Levinas (1906-1995) dá um grande passo na relação entre interpretador e interpretado. Para ele o texto não é uma coisa, não é objeto, mas sujeito. Logo, sujeito interpreta sujeito. O interpretador constrói alteridade com o objeto pesquisado e o objeto pesquisado se torna uma pessoa. O outro é aquele que questiona os poderes do eu e permite quebrar a neutralidade do ser. Levinas foi influenciado pela fenomenologia de Edmund Husserl e Martin Heidegger. Logo, o texto (seja ele literal, verbal ou enquanto história e cultura) é sujeito que dialoga (do gr. δια λόγος = por meio da palavra) com o sujeito que interpreta. Aqui a relação entre A e B se dá no fato de que B não está abaixo ou depois de A, pelo contrário: B dialoga com A como uma pessoa. A e B constroem alteridade, uma amizade, um é o outro do outro.
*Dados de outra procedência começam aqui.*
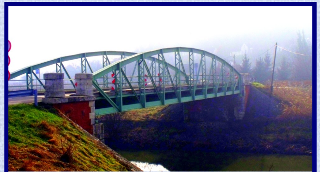
Legnagyobb álmunk már a célegyenesben...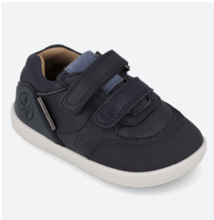
° 261151 A183 19/23→23,20→50,90 24/26→24,50→53,95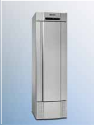
MIDI 425 CX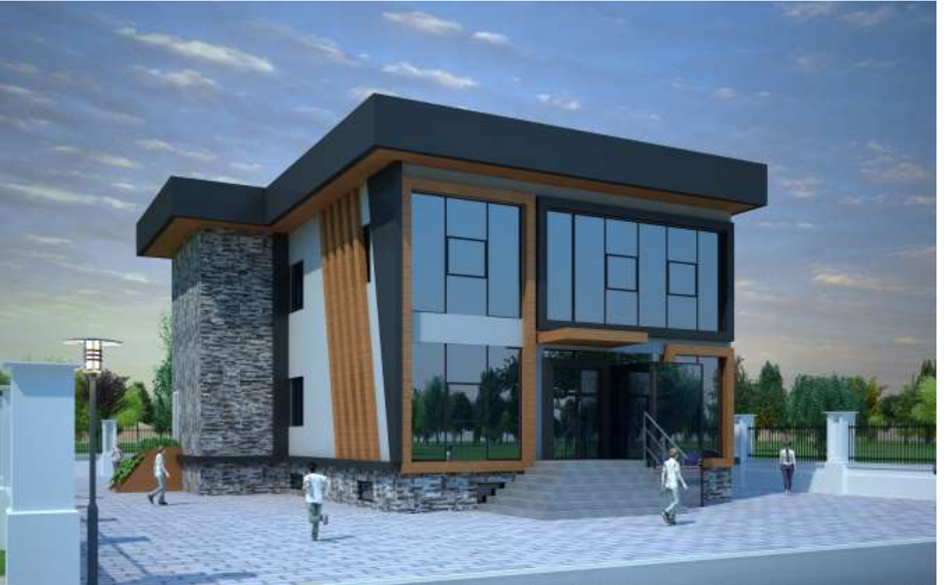
Merkez Yeşilyurt mahallesi halk kütüphanesi projesi (Proje aşamasında)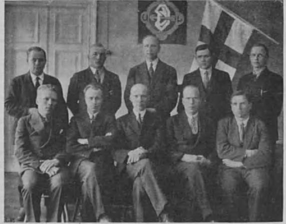
Liittoneuvoston kokous 19. 4. 30

Ensi elokuun 16—17 päivänä vietetään Lahdessa varsinaiset KUL:n kymmenvuotisjuhlat mestaruuskilpailujen yhteydessä, joihin koko maa voi osallistua. Näkemiin siellä! Yksi joukosta.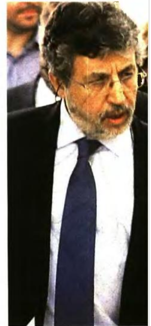
Ο πρωθυπουργός Αλέξης Τσίπρας με τον πρόεδρο της Επιτροπής για την Αναθεώρηση του Συντάγματος Μιχάλη Σπουρδαλάκη. Αριστερά: Ο Χρ. Βερναδάκης (πάνω) και ο Γ. Κατρούγκαλος (κάτω)

Προσεκτικός «διαχωρισμός» Εκκλησίας - Κράτους με υποχρεωτικό πολιτικό όρκο και επικρατούσα θρησκεία την Ορθοδοξία. Με ωραιοποιημένες εκφράσεις η «κατοχύρωση» των κοινωνικών δικαιωμάτων και ο δημόσιος έλεγχος σε νερό και ρεύμα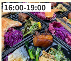
16:00-19:00 Tomo's cafe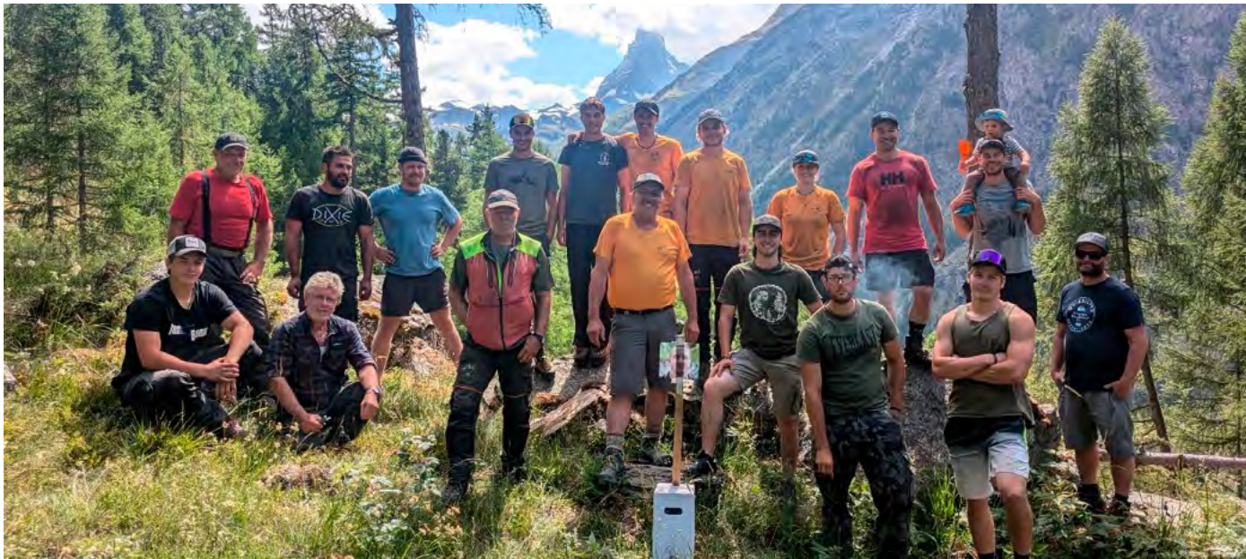
Ein Teil der an der Wiederherstellung nach dem Ereignis vom 17. April beteiligten Akteure.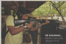
KE SASARAN ... penulis marcupi senjata M-16.

Giorgio Armani, Todd, Mont Blanc, Mango, Cartier bagi harga yang berpatutan.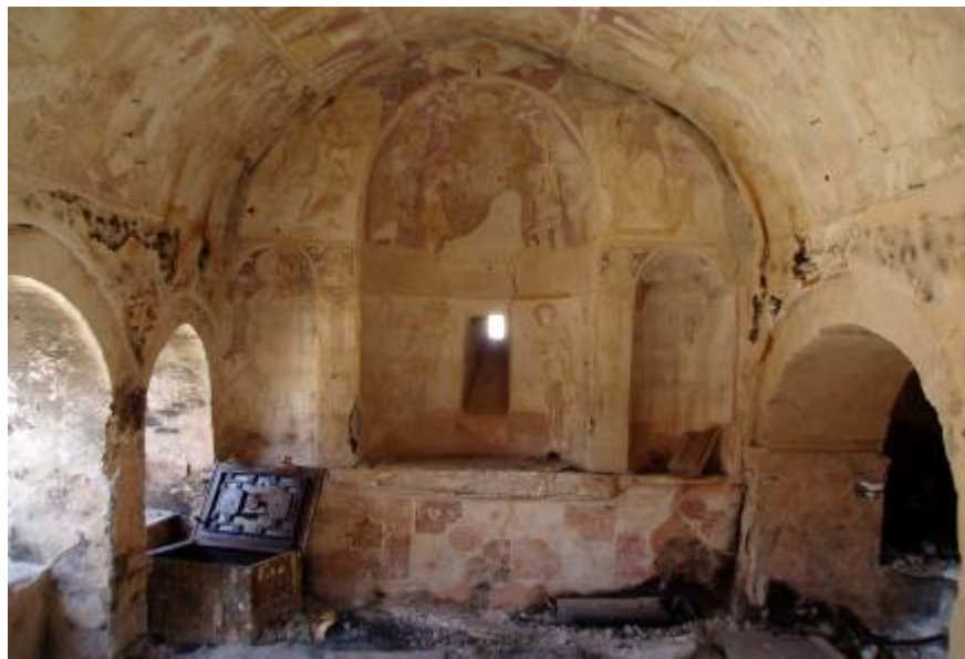
Църквата „Св. Георги Рунич” в двора на Епископията в Призрен, април 2004 г.

Portanto, há dois inimigos comuns a todos os autores citados: o iluminismo e o racionalismo. Dando “nome aos bois”: Descartes e Kant. Todos procuraram, a sua própria maneira, considerar tanto a pessoa do interprete como o sujeito interpretado não apenas em um sistema subjugador e dominador, mas de relação mútua e auto reconhecimento. De todos se aprende uma única lição: a razão humana é falha por si própria. Como já dizia o antigo filósofo Sócrates: “A presunção do saber é o maior obstáculo ao conhecimento de coisas novas”. O reconhecimento dos próprios preconceitos e da própria ignorância é o justo caminho para a compreensão do todo que nos cerca. A verdadeira hermenêutica se faz com conjunção coordenativa e não com conjunção subordinativa como apregoou o Iluminismo. Hermenêutica é a arte da interpretação. Que o interpretado se torne nosso melhor amigo. Hermenêutica e ciência objetiva são coisas a serem repensadas.

LITERATURA UTILIZADA E RECOMENDADA:

GRONDIN, Jean. Introdução à Hermenêutica Filosófica. São Leopoldo: Unisinos, 1999.

ZILSE, Raphaelson S. Base Filosófica para uma Estrutura Dogmática?. in: SCHWAMBACH, Claus (Coord.). Vox Scripturae. Vol. XXI, nº II. São Bento do Sul: FLT/União Cristã, 2013.